Although not as well known as some of its African neighbours, Namibia is a gem for those in search of the wilderness. Namibia is a large, and sparsely populated country on Africa’s south-west coast, which has enjoyed more than a decade of stability since achieving Independence in 1990.

Namibia is a country of startling contrasts that straddles two great deserts: the Namib (after which it is named) is the oldest desert on the planet, and its sea of red sand lies along the Atlantic coastline, while in the eastern interior lies the Kalahari, a vast and sparsely vegetated savannah that sprawls across the border into neighbouring countries.

Over the years, there have been a number of cultural influences that have all added to the unique atmosphere of Namibia. At various times Germany, Great Britain and South Africa have all governed the territory, but it was with the eventual independence of Namibia that the country was able to develop its multi-cultural character and reinvent itself. There is a rich and colourful uniquely African vigour that now freely blends in with the European influences on architecture, food, customs and art, all merging to create a distinctive Namibian character.
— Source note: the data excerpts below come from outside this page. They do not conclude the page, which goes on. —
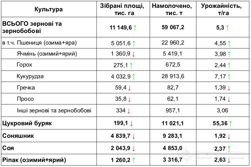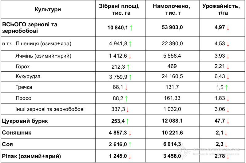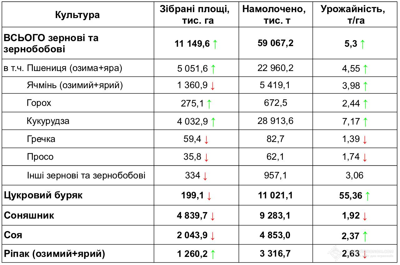 Результати сезону 2023 по основних культурах (дані Мінагро)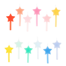 • Set of 12 wax star candles in shades of pink, yellow, blue and green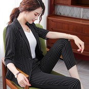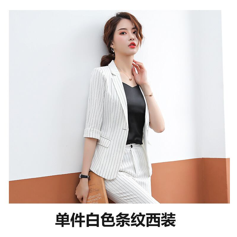 【新作】【送料無料】 2020年春夏新作レディースファッションカジュアルミッドスリーブスモールスーツツーピースカーフパンツスーツメスホワイトストライプ-アリババ スプリング 春物 サマー 夏物 12b368728227709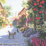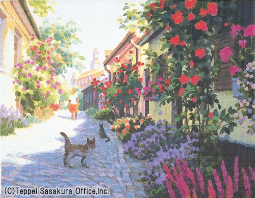 🌟版画(#ジクレー)を展示中 笹倉鉄平 Teppei Sasakura 『薔薇の咲く小路~The Lane with Roses~』 2021年 #スウェーデン🇸🇪 「グリーティングカード」 「笹倉鉄平 版画全集 2013~2023」 笹倉鉄平ちいさな絵画館 kaigakan-teppei.net #笹倉鉄平 #画家 #アート #絵 #猫好きな人と繋がりたい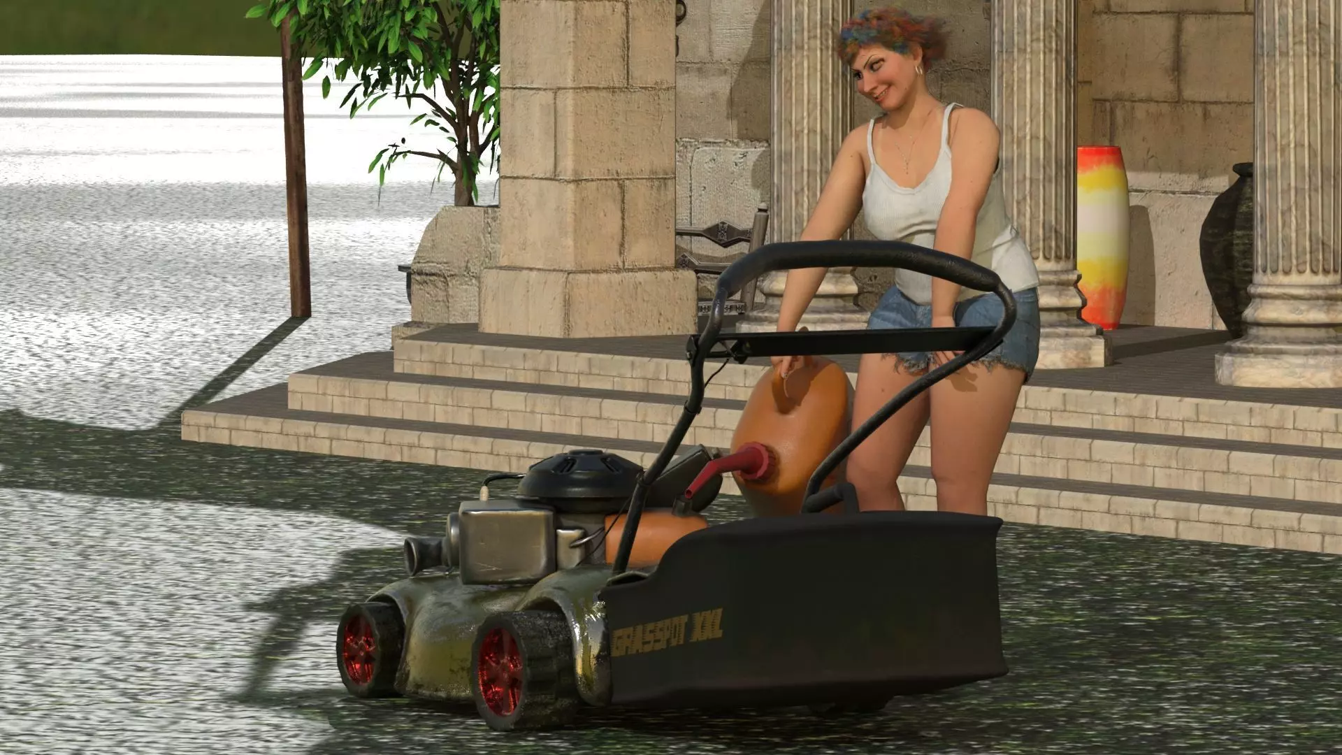 It's noontime, sun is shining and the lawn outside finally dry enough. - Time to get that old gasoline lawnmower out to have some fun, disturbe the neighborhood and get gardenwork done.Of course there is no need to go to the fitness center afterwards since it's one to push (without modern drive propulsion system).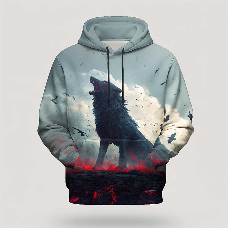 Men's Moon Wolf Hoodie Sweatshirt 3D Fantasy Crew Neck Streetwear Club Gift Light Blue Blue 1 Blue 3# Blue 2# Drawstring Fall Winter Designer S M L XL XXL XXXL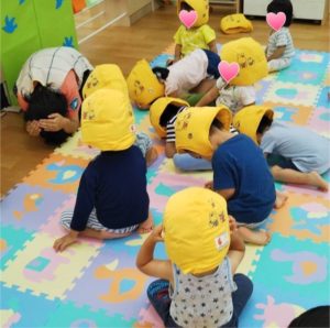9月1日は防災の日でした。 保育園で避難訓練を重ねていても予期しないことが起こるのが災害です。 それぞれが知識や意識をしっかりと持てるようにしていきたいです。 大日保育園でも日々防災訓練を行っています。 今日は防災頭巾のかぶり方を練習をしました。 アンパンマンが上手にかぶっているのを見ながらやってみよう🎶 子ども達もみんな上手に頭を守ることができました❕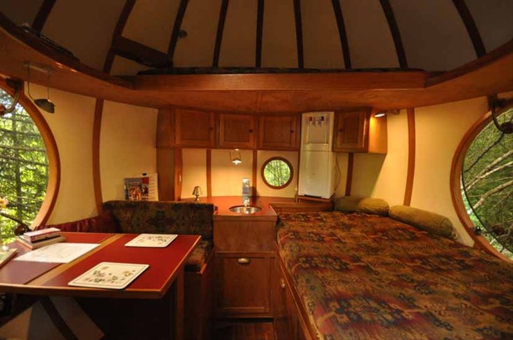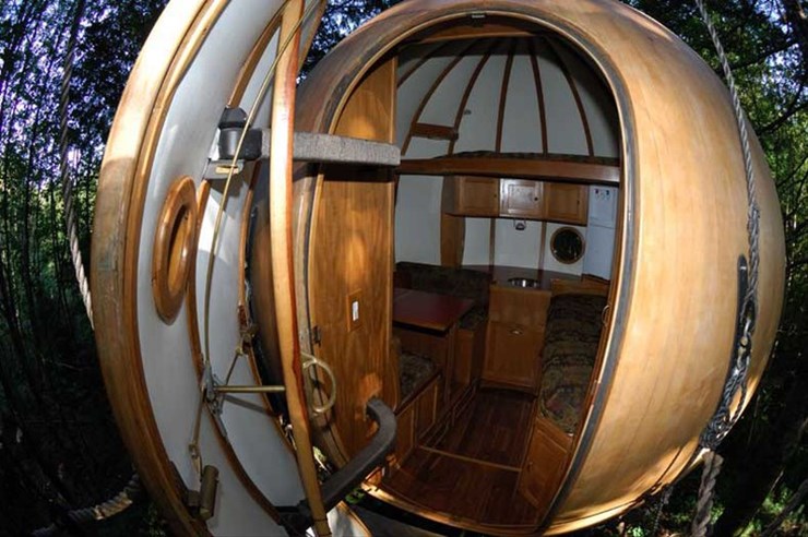球体には野鳥の絵が施されているものもあり、これが自然との調和を引き立てている。 また、大きな丸い窓から外を眺めると野生の動物たちの生活も垣間見ることが出来る。

All this is in interesting contrast with the expansive landscapes that surround the cities. The many national parks and game reserves boast a huge variety of wildlife in a kaleidoscope of differing environments:

The Etosha National Park, the third largest in Africa, owes its unique landscape to the Etosha Pan, a vast shallow depression of approximately 5,000kmĀ². A series of waterholes along the southern edge of the pan guarantee rewarding and often spectacular game viewing.

The Sossusvlei, Namibia’s famous highlight in the heart of the Namib Desert, is a huge clay pan, enclosed by giant sand dunes. Some of the spectacular hills of sand are, at a height of 300 metres, the highest in the world. Sossusvlei and the Namib Naukluft Park are very popular with photographers. The colours, shapes and contrast of the dunes against the clear blue sky are constantly changing from sunrise to sunset.

The Skeleton Coast is so named for all the ghostly shipwrecks that are beached on these remote and inaccessible white shores. Seals in their many thousands colonise lonely beachheads along the coastline. This 2 million hectare park is one of the most inhospitable and least visited places on earth and is best accessed by a fly-in safari.

Damaraland is arguably one of the most scenic areas in Namibia, a huge, untamed, ruggedly beautiful region. Here there are prehistoric water courses with open plains and grassland, massive granite koppies and deep gorges. Towards the west, the geography changes dramatically with endless sandy wastes, that incredibly are able to sustain small, but wide-ranging, populations of desert-adapted elephant, black rhino, giraffe, ostrich and springbok. These animals have adapted their lifestyles to survive the harshness of the sun-blistered, almost waterless desert spaces. Elephant move through euphorbia bush country, and can travel up to 70km in a day in search of food and water and unusually, do not destroy trees in their quest for food.

Kaokoland is one of the last remaining true wilderness areas in Southern Africa. Bordered on the south by the Hoarusib River and on the north by the Kunene River – which also forms Namibia’s border with Angola – it is a world of incredible mountain scenery, a refuge for the rare desert dwelling elephant, black rhino and giraffe and the home of the Himba people.

In Namibia astonishing contrasts are everywhere for the visitor to savour, enjoy and photograph.